Friend of My YouthMore than any single story I can think of, this is the story that’s had the most radical impact on my writing. Reading it for the first time was one of those mind-shattering “You can do that in fiction?!” moments.

It’s a very un-Alice-Munro-like Alice Munro story. Told in the first person, in numbered sections, it recounts the narrator’s attempt to reconstruct the life of an obscure Victorian poet, Almeda Roth, through newspaper clippings, book excerpts, and historical records. The story itself is well told, as you’d expect anything by Munro to be, with layer upon layer of detail. Each section brings you closer and closer to Almeda herself, spiraling inward on her and the abortive romance that may or may not have shaped her life.

And it’s that “may or may not” that elevates the story from good to brilliant. There are actually two versions of “Meneseteung” out there. The story was originally published in the New Yorker in 1988 and republished in the Best American Short Stories and then the Best American Short Stories of the Century. If you’ve seen this story, that’s the version you probably know. But in Munro’s own collection, Friend of My Youth, the story was published in a slightly different form: there’s one extra paragraph added to the end of the piece.

And that extra paragraph completely changes the story.

Why did Munro publish two versions? I don’t know and haven’t been able to find out. It’s possible that she wanted to publish the full version but her editor at the New Yorker asked her to take it out, and she was able to restore her preferred version, with the last paragraph, in her own book. But it’s also possible that she published the shorter version and, later on, re-envisioned the story and went back to revise.

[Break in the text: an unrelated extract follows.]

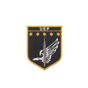 Emblema retangular, bordado sobre uma base de feltro azul, sendo bordado a branco, tamanho aproximado 35 * 25 mm

To tell you just how this change alters the story would ruin the joy of experiencing it yourself. When my amazing teacher Ellie Schaffzin gave me this story back in 2003, she handed out a copy with two last pages, one without the last paragraph, followed by one with. So I read the first version of the story, thought it was over, and then turned the page and discovered the altered ending—and my writing has never been the same since. I recommend doing the same: read the New Yorker/Best American version first, then seek out Friend of My Youth and read the story again, with the added paragraph. I promise it’ll change your thinking about narration—and fiction—from now on.